Tom stroked her hair, looking a long while into her eyes. He put his forehead to hers, and they stayed, unmoving, until her breathing changed, growing more ragged.

 

‘I don’t want to leave you,’ she said, clutching his hand. ‘I’m so scared, love. So scared. What if God doesn’t forgive me?’

 

‘God forgave you years ago. It’s about time you did too.’

 

‘The letter?’ she asked anxiously. ‘You’ll look after the letter?’

 

‘Yes, Izz. I’ll look after it.’ And the wind shook the windows as it had done decades ago on Janus.

 

‘I’m not going to say goodbye, in case God hears and thinks I’m ready to go.’ She squeezed his hand again. After that, words were beyond her.
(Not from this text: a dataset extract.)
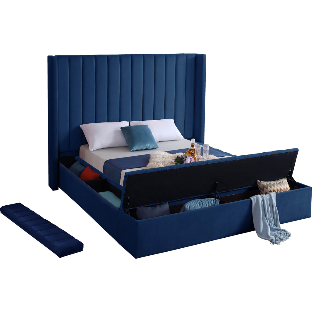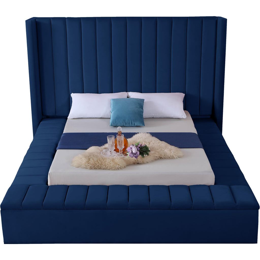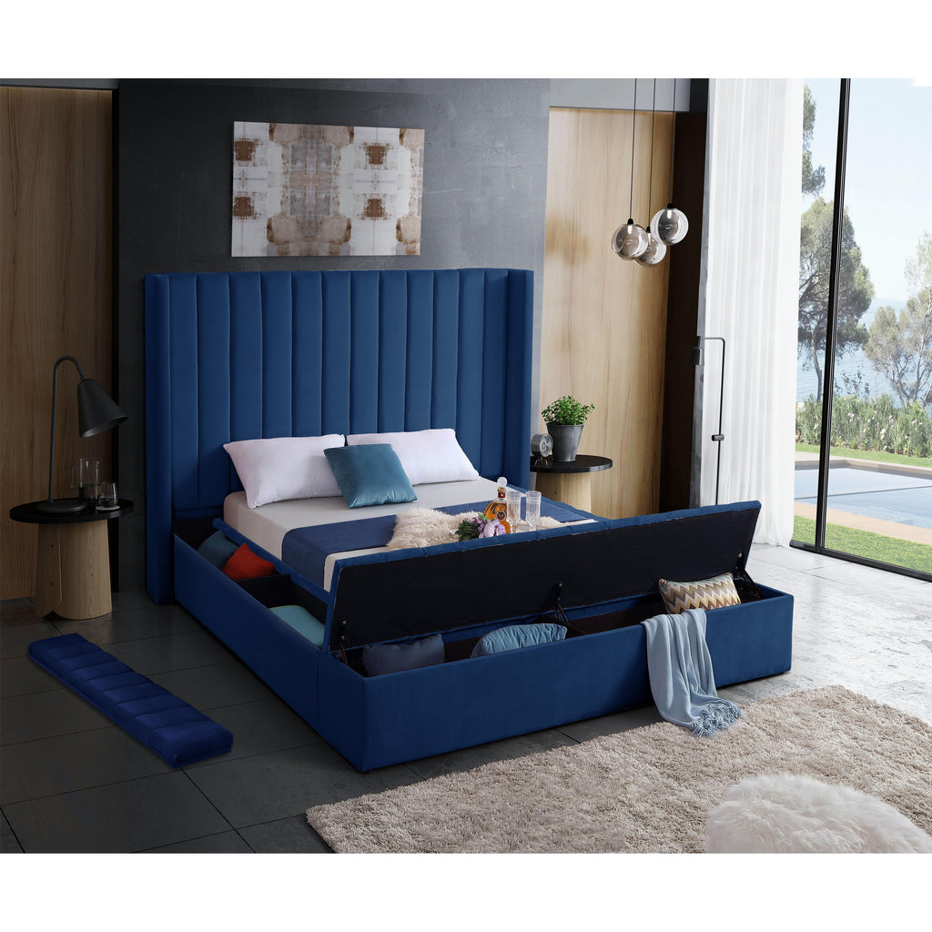 Make a bold statement in your bedroom with this stunning Kiki navy velvet queen bed. Its navy velvet design with channel tufting gives it a chic, textured appearance that's both comfortable and dramatic. This queen size bed features storage rails along its full slats frame, making it the perfect solution for individuals in limited sleeping spaces. Its width of 91.5 inches, depth of 99 inches, and height of 65 inches offers ample room to sleep without being cramped.

Now and then she would open her eyes and there would be a sparkle in them, a light that brightened as her breathing got shallower and harder, as if she had been told a secret and suddenly understood something.

 

Then, on that last evening, just as the waning moon parted wintry clouds, her breathing changed in the way Tom knew all too well, and she slipped away from him.

 

Even though they had electricity, he sat with just the soft glow of the kerosene lamp to bathe her face: so much gentler, the light of a flame. Kinder. He stayed by the body all night, waiting until dawn before telephoning the doctor. Standing to, like in the old days.

 

As Tom walks down the path, he snaps off a yellow bud from one of the rose bushes Isabel planted when they first moved here. Its fragrance is already strong, and takes him back almost two decades to the picture of her, kneeling in the freshly dug bed, hands pressing down the earth around the young bush. ‘We’ve finally got our rose garden, Tom,’ she had said. It was the first time he had seen her smile since she had left Partageuse, and the image stayed with him, as clear as a photograph.

 

There is a small gathering at the church hall after the funeral. Tom stays as long as politeness demands. But he wishes the people really knew who they were mourning: the Isabel he had met on the jetty, so full of life and daring and mischief. His Izzy. His other half of the sky.